Data is managed through a registry that holds different object types:

  • OCEL - Raw OCEL data
  • SlimLinkedOCEL - Memory-efficient linked OCEL (required by most functions)
  • IndexLinkedOCEL - Indexed OCEL for analysis
  • EventLog - Case-centric event log
  • EventLogActivityProjection - Activity-projected log for discovery
# Load files into registry
ocel_id = r4pm.import_item('OCEL', 'file.xml')
log_id = r4pm.import_item('EventLog', 'file.xes')

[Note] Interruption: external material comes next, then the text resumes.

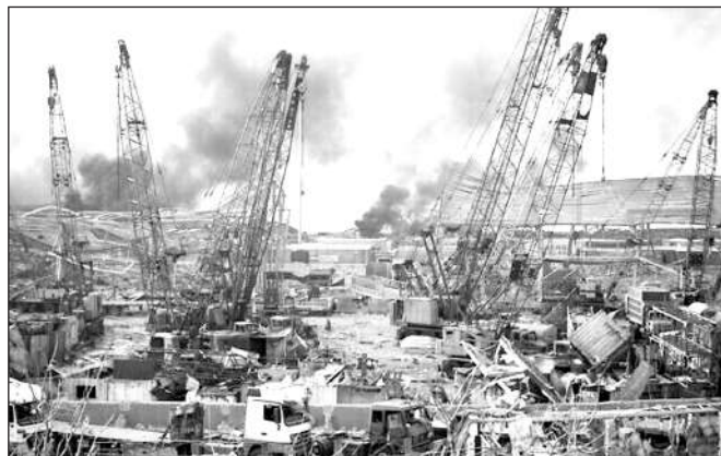
Cảnh tượng ở Beirut sau vụ nổ.

Trong khi đó, tin từ hãng AP cho hay, từ cuối năm ngoái, nhiều đơn thư của người dân đã được gửi lên các cấp có thẩm quyền ở thủ đô Beirut và chính phủ, tố cáo các tệ nạn tham nhũng, lơ là nhiệm vụ ở cảng. Trước đó, Cục trưởng Hải quan Badri Daher còn xác nhận với kênh truyền hình LBC địa phương rằng, có 5 hoặc 6 đơn kiến nghị của ông và người tiền nhiệm cùng một nhóm các chuyên gia đã được gửi đi tới các cơ quan chức năng trong suốt 6 năm qua với yêu cầu là cơ quan tư pháp cho ý kiến để xử lý số hoá chất này. Tuy nhiên, không ai trả lời những đơn kiến nghị này. Cách đây 5 tháng, Cơ quan an ninh quốc gia đã mở cuộc điều tra và chỉ định một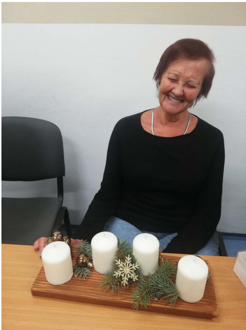
Adventní tvoření netradičních věnců

předcházet. Společně tedy budeme v průběhu zimních měsíců trénovat náš organismus a zajdeme si na relax do prostor solné jeskyně v Třebši. Cena za vstup je pro ZTP pro každého 120 Kč/hod. S sebou náhradní ponožky světlé barvy.

# Convert between types (either like this or using r4pm.convert_item)
locel_id = bindings.index_link_ocel(ocel=ocel_id)
proj_id = bindings.log_to_activity_projection(log=log_id)

# List registry contents
for item in r4pm.list_items():
    print(f"{item['id']}: {item['type']}")

Simple Import/Export API

For direct DataFrame operations without the registry, use the df submodule.

XES

import r4pm

# Import returns (DataFrame, log_attributes_json)
xes, attrs = r4pm.df.import_xes("file.xes", date_format="%Y-%m-%d")
r4pm.df.export_xes(xes, "test_data/output.xes")

OCEL

# Returns dict with DataFrames: events, objects, relations, o2o, object_changes
ocel = r4pm.df.import_ocel("file.xml")
print(ocel['events'].shape)
r4pm.df.export_ocel(ocel, "export.xml")

# PM4Py integration (requires pm4py)
ocel_pm4py = r4pm.df.import_ocel_pm4py("file.xml")
print(ocel['events'].shape)
r4pm.df.export_ocel_pm4py(ocel_pm4py, "export.xml")

Development

Setup

# Install Rust: https://rustup.rs/
curl --proto '=https' --tlsv1.2 -sSf https://sh.rustup.rs | sh

# Create virtual environment
python -m venv .venv
source .venv/bin/activate

# Install in development mode
pip install maturin
maturin develop --release

How Bindings Are Generated

Python bindings are automatically generated during the Rust build via build.rs. Thus, bindings are always in sync with the Rust code and do not require manual regeneration.

The build script:

  1. Reads function metadata from the process_mining crate
  2. Generates r4pm/bindings/ with typed Python wrappers and .pyi stubs
  3. Organizes functions by their Rust module structure

Building for Release

maturin build --release  # Creates wheels in target/wheels/

The wheel automatically includes the generated bindings.

Running Tests

# Run comprehensive test suite
python test_all.py

# Run simple example
python example.py

The test suite (test_all.py) covers:

  • Automatic type conversion (positional & keyword arguments)
  • Process discovery (DFG, OC-Declare)
  • Registry operations (CRUD, DataFrames, export)
  • Simple Import/Export DataFrame (df) API
  • Edge cases and conversion caching

LICENSE

This package is licensed under either Apache License Version 2.0 or MIT License at your option.

Project details


Download files

Download the file for your platform. If you're not sure which to choose, learn more about installing packages.

Source Distribution

r4pm-0.5.5a2.tar.gz (80.2 kB view details)

Uploaded Source

Built Distributions

If you're not sure about the file name format, learn more about wheel file names.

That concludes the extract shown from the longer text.